As bestselling romance author Susan Elizabeth Phillips put it, "Romance books are the only books you can read where the woman always wins, and that's very powerful to women," a point hard to argue with after a long day slogging it out for 77 cents to every man's dollar in wages.
It might be that the male-borne criticism takes unconscious issue with another less obvious attribute in romance literature:
“Romances are, in fact, subversive literature: They encourage women to be dissatisfied with inequality, and to set higher expectations for themselves, and they show them ways to achieve those expectations, largely by taming men and, in a way, usurping their power. Romances are arguably the only art form of any kind that portrays women as equal partners with men.” (Source: Dave Pollard, How to Save the World)
We can’t have 51% of the population seeking out literature that undermines the male-dominated status quo, now, can we?
Let’s recap: Some guy with a 20-plus year career in business journalism got paid to write an evergreen opinion piece to fill out a thin holiday schedule.
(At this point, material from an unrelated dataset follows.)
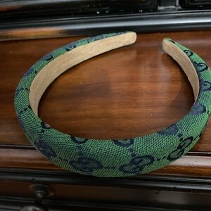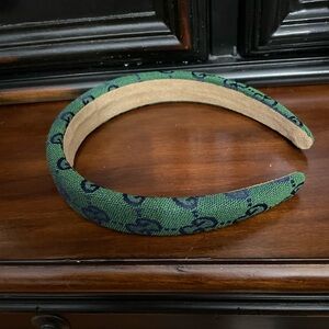 Chic fashion headband with iconic pattern. Green and navy design adds luxury to any look. Also available in dark denim blue
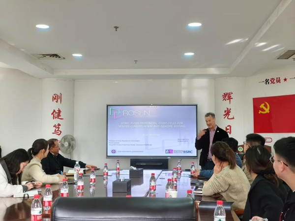 本网讯(通讯员 屈丰乐)2025年3月30日,黄网在龙子湖校区第一实验楼北330会议室举办第178期“日新论坛”。本次论坛邀请Dr. Mike McGrew教授带来了一场主题为“USING AVIAN PRIMORDIAL GERM CELLS FOR SPECIES CONSERVATION AND GENOME EDITING”的精彩学术报告。报告会由黄网刘小军教授主持,田亚东教授、李文婷教授、王克君教授、李红副教授、张彦华副教授等教师及研究生参加了报告会。

He questioned women's satisfaction with their liberation, based on his ability to invade some unsuspecting woman's personal space to determine what she was reading.
To him I say this: Take a number and get in line behind all the other absurd inequities women have to put up with every damned day, buddy — then fuck off and stay out of our books.
Count yourself lucky we’re reading and not overthrowing your world and its comfortable illusions.